If I had a spinner, where each probability and value is known, how many times would I have to spin it to say that there is a 99% chance that my accumulated winnings' mean is within $0.01 of the expected value?
(I'm not asking for this specific problem to be solved, but how I would work it out given the data, goal range and goal certainty)
| Prize | Chance | Prize*Chance |
|---|---|---|
| \$10 | 0.1 | \$1 |
| \$8 | 0.15 | \$1.2 |
| \$5 | 0.2 | \$1 |
| \$2 | 0.25 | \$0.5 |
| \$1 | 0.35 | \$0.35 |
Expected Value: \$4.05
How many times to spin until I can say that: $4.04 < average winnings < $4.06 (with 99% certainty)
I know that this involves standard deviation, but none of the youtube videos about seem to actually cover this sort of problem.
Thanks in advance!
You may use the CLT approximation (if the distribution of the average is hard to compute).
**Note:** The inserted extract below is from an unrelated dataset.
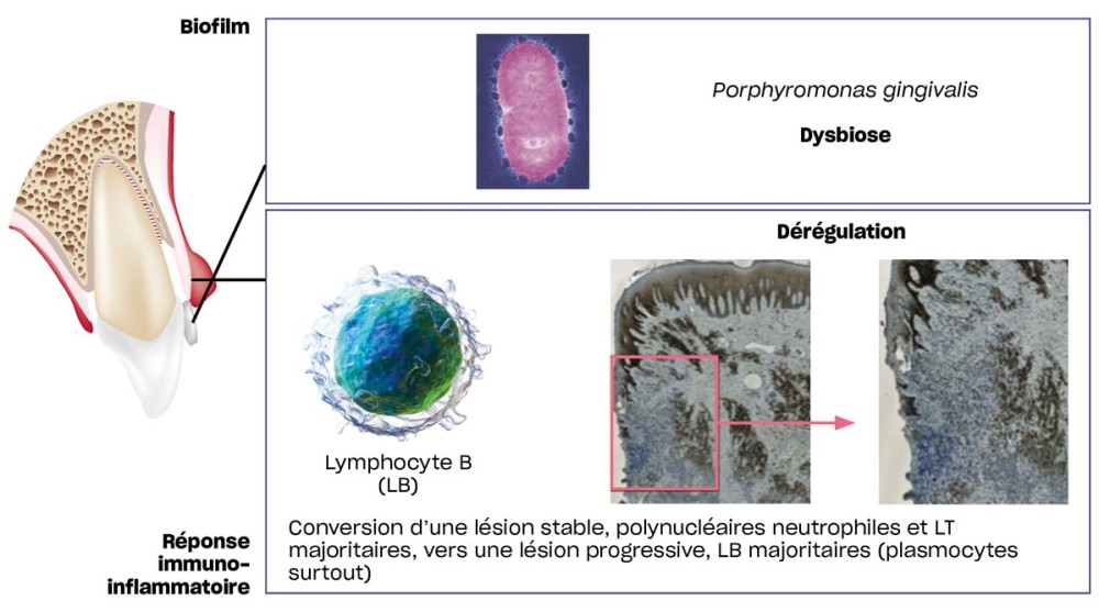 Les LB sont extrêmement nombreux au niveau des lésions parodontales avancées, notamment sous leur forme de différenciation terminale, les plasmocytes (fig. 2). Ainsi, la parodontite est caractérisée par la conversion d’une lésion stable riche en lymphocytes T (LT), vers une lésion plus progressive riche en LB [2]. La présence des plasmocytes a été associée à la persistance de l’invasion par Porphyromonas gingivalis (P. gingivalis). Les plasmocytes représentent 50 % de l’infiltrat inflammatoire et les LB environ 20 %.

Specifically, let $\{X_i\}$ be i.i.d. random variables with mean $\mu$, variance $\sigma^2$, and finite third moment $\rho\equiv\mathsf{E}|X_1-\mu|^3$. Also let $\bar{X}_n=n^{-1}\sum_{i=1}^n X_i$. Then, for $a<b$, \begin{align} &\mathsf{P}(\bar{X}_n<a)+\mathsf{P}(\bar{X}_n>b) \\ &\qquad=\mathsf{P}\!\left(\frac{\sqrt{n}(\bar{X_n}-\mu)}{\sigma}<\frac{\sqrt{n}(a-\mu)}{\sigma}\right)+\mathsf{P}\!\left(\frac{\sqrt{n}(\bar{X_n}-\mu)}{\sigma}>\frac{\sqrt{n}(b-\mu)}{\sigma}\right)\\ &\qquad\le\Phi\!\left(\frac{\sqrt{n}(a-\mu)}{\sigma}\right)+\Phi\!\left(\frac{\sqrt{n}(\mu-b)}{\sigma}\right)+2\sup_{x\in\mathbb{R}}|F_n(x)-\Phi(x)| \\ &\qquad \le \Phi\!\left(\frac{\sqrt{n}(a-\mu)}{\sigma}\right)+\Phi\!\left(\frac{\sqrt{n}(\mu-b)}{\sigma}\right)+\frac{\rho}{\sigma^3\sqrt{n}}, \end{align} where $F_n$ is the cdf of $\sqrt{n}(\bar{X}_n-\mu)/\sigma$, and the last inequality follows from the Berry-Esseen theorem. Now you need to find the smallest $n$ for which the rhs is less than $1$ minus the desired accuracy level.